Two unrelated researchers this week disclosed a similar session hijack bug in the Instagram mobile applications for Android and iOS. Facebook has reportedly acknowledged the problem, which arose from a failure to fully encrypt all data traffic on the service, but the world’s largest social network is in no rush to fully encrypt the mobile variety of its popular photo-sharing service.
In order to exploit this lack of encryption, an attacker would have to be on the same network as the victim. Given that, an attacker could potentially monitor the pictures users are viewing, watch session cookies, and determine usernames and IDs through man-in-the-middle attacks that lead to account takeovers.
Mazin Ahmed, an information security specialist at Defensive-Sec, reported the issue last weekend after sniffing packets passing through a router from the Instagram application on his Android device.
One day later, Steve Graham posted an iOS version of the same hack on Github. Graham’s writeup includes an exploit proof-of-concept.
Graham and Ahmed said they have reported the issue to Facebook. In each case, Facebook reportedly responded that they were aware of the problem and plan on resolving it at some undetermined point in the future.
“We’re doing the technical work that’s necessary to add HTTPS protection across the remaining parts of the Instagram app, while still ensuring stability and performance,” an Instagram spokesperson told Threatpost via email. “We’ll keep the Instagram community updated on our progress.”
Graham claims that the Instagram application on iOS makes application programming interface calls to unencrypted endpoints.

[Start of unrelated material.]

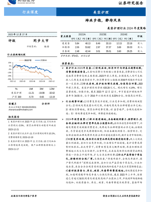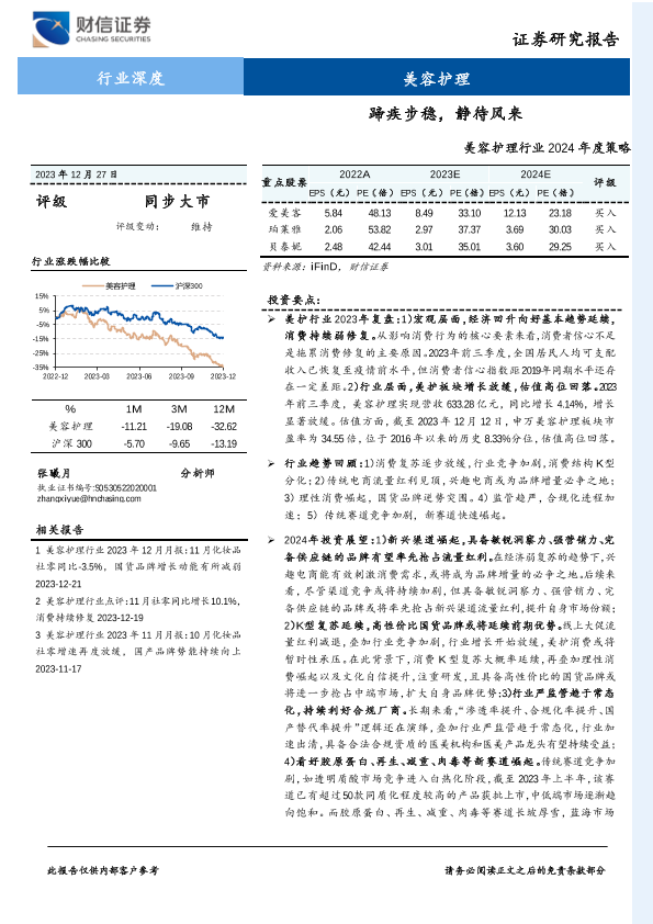 【财信证券】【20231227】美容护理行业2024年度策略:蹄疾步稳,静待风来-21页

While performing the exploit (for which the proof-of-concept can be found here) from his Mac while a friend surfed his Instagram account on an iOS device, Graham managed to perform the following actions: take the cookie sniffed from the iOS app, go to instagram.com as an unlogged in user, set document.cookie = $COOKIE, navigate to a profile, and see himself logged in as that user.
“I think this attack is extremely severe because it allows full session hijack and is easily automated,” Graham explains. “I could go to the Apple Store tomorrow and reap thousands of accounts in one day, and then use them to post spam.”
In an email interview earlier this week, Ahmed noted that he tested this on the Android Instagram application, but believed the attack could target iOS devices as well, because both rely on the same server which does not appear to uniformly enforce SSL.
Instagram co-founder Mike Krieger posted the following on Hacker News:
“We’ve been steadily increasing our HTTPS coverage–Instagram Direct, for example, which we launched in late 2013, is 100% HTTPS. For the remainder of the app, especially latency-sensitive read endpoints like the main feed and other browsing experiences, we’re actively working on rolling out HTTPS while making sure we don’t regress on performance, stability, and user experience. This is a project we’re hoping to complete soon, and we’ll share our experiences in our eng blog so other companies can learn from it as well.”